The purpose of the singleton pattern is to ensure that a class has only one instance and to provide a global access point to it. The Singleton pattern contains only one role, the Singleton class. The singleton class has a private constructor that ensures that users cannot instantiate it directly with the new keyword. In addition, the pattern contains a static private member variable and a statically public factory method that checks for the existence of the instance and instantiates itself, then stores it in the static member variable to ensure that only one instance is created. # # advantages

  • Provides controlled access to a unique instance. Because the singleton class encapsulates its unique instance, it has tight control over how and when customers access it and provides shared concepts for design and development teams.
  • Since only one object exists in system memory, system resources are saved, and the singleton pattern can definitely improve system performance for objects that need to be created and destroyed frequently.
  • A variable number of instances is allowed. The singleton pattern can be extended to obtain a specified number of object instances using a method similar to singleton control.

disadvantages

  • Because there is no layer of abstraction in the singleton pattern, it is difficult to extend the singleton class.
  • Singleton classes are too heavy on responsibilities and violate the “single responsibility principle” to some extent. Because the singleton class acts both as a factory, providing factory methods, and as a product, containing business methods that blend the creation of the product with the functionality of the product itself.
  • Abuse of singletons will bring some negative problems, for example, in order to save resources, the database connection pool object is designed as a singleton class, which may lead to too many programs sharing the connection pool object and connection pool overflow. Many object-oriented languages (such as Java and C#) now provide automatic garbage collection.

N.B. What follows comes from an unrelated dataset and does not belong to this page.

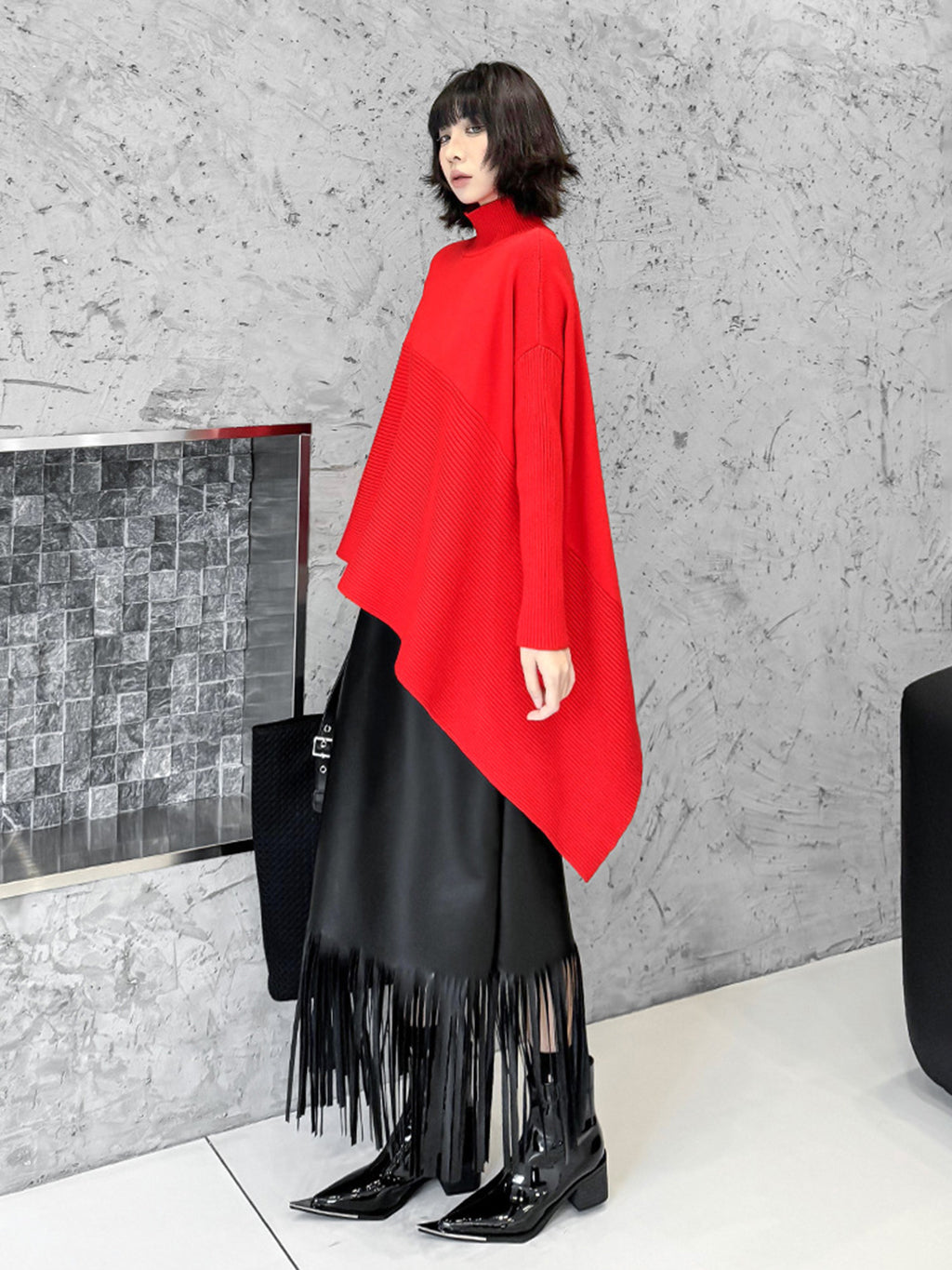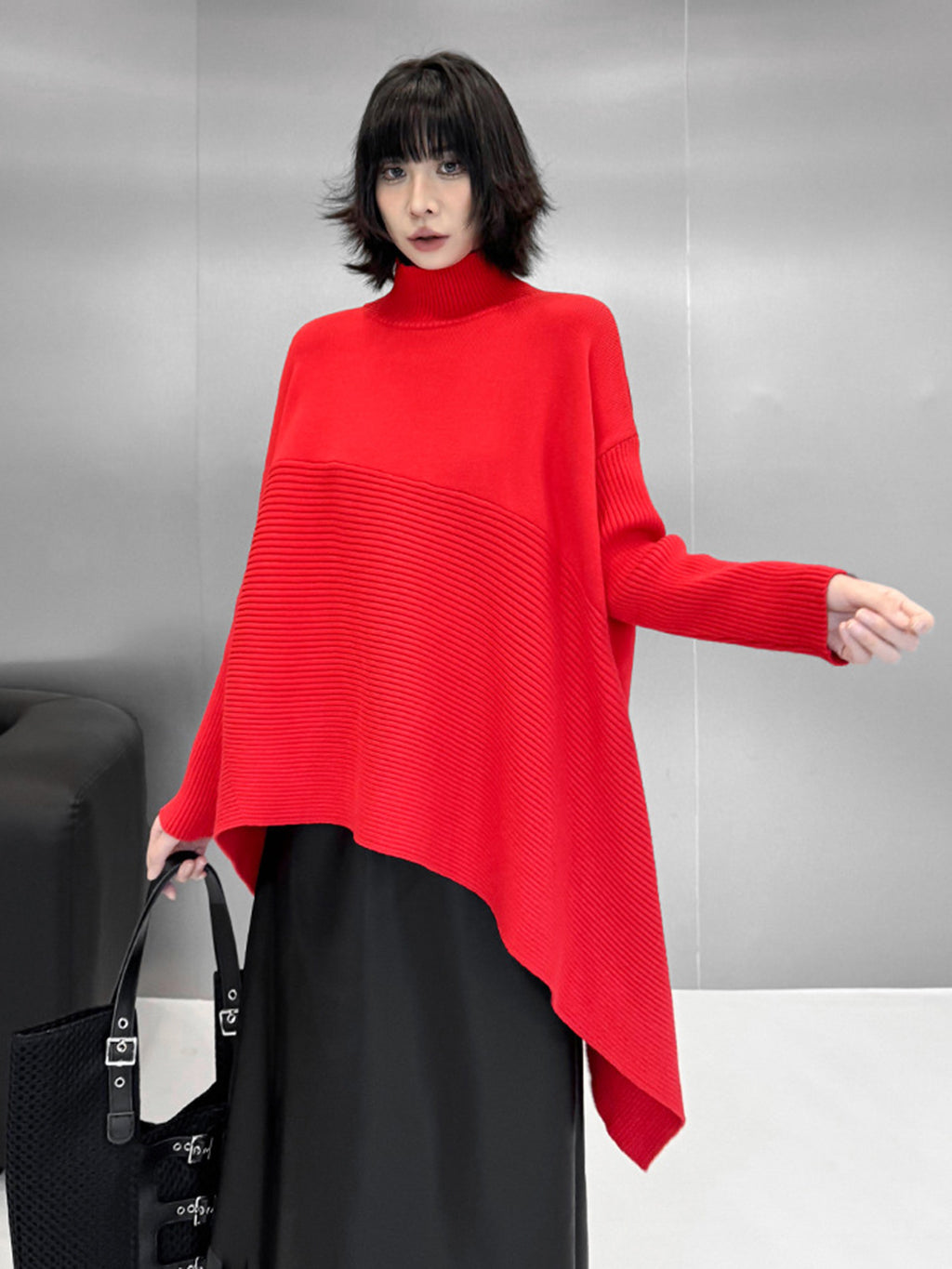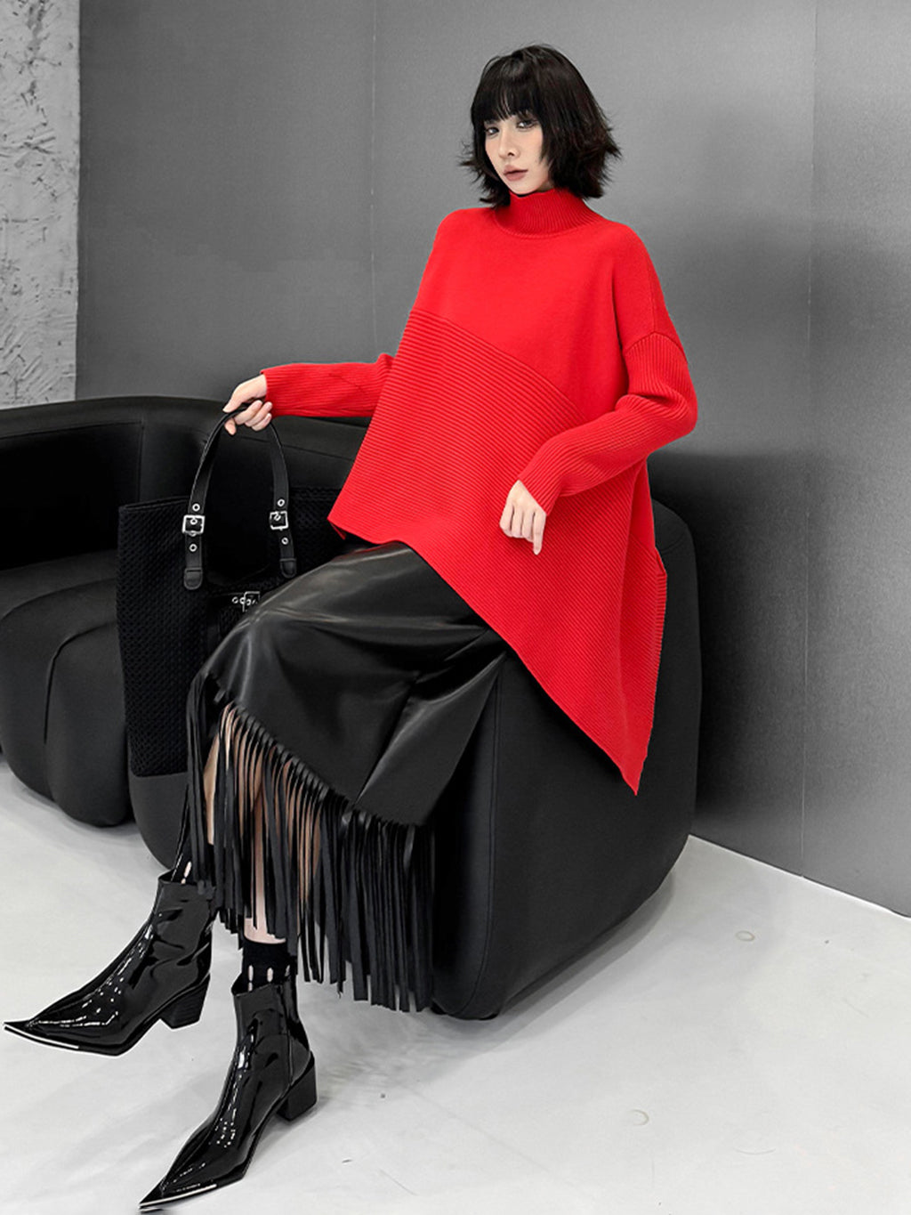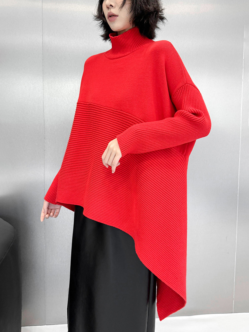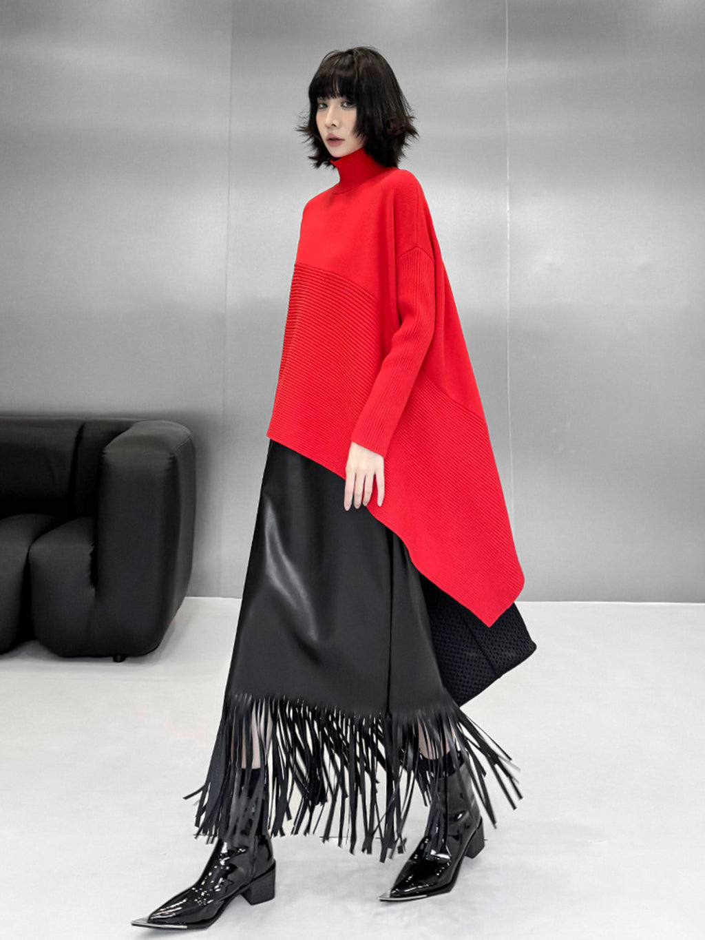 滑らかな編地と立体リブの切替が印象的なモックネックニットトップ。ゆったりとした身幅に対して、両裾を尖らせた大胆なカッティングが構築的なシルエットを生み出す。前後で長さに差をつけることで動きと奥行きを加え、どの角度からも美しく映えるバランスに。首元と袖口には程よい厚みのリブを配し、着用時のフォルムをしっかりとキープ。シンプルながらもディテールで魅せる設計。

Therefore, if an instantiated object is not used for a long time, the system will consider it garbage, destroy and recycle the resource, and re-instantiate the object the next time it is used, which will result in the loss of the object state.

Apply to the environment

  • The system only needs one instance object, if the system requires a unique sequence number generator, or if the resource consumption is too high to allow the creation of only one object.
  • A single instance of a customer invoking class is allowed to use only one public access point, and the instance cannot be accessed by any other means than that public access point.
  • The singleton pattern should only be used when only one instance of a class is required in a system. Conversely, if several instances of a class can coexist, the singleton pattern needs to be modified to become a multi-instance pattern.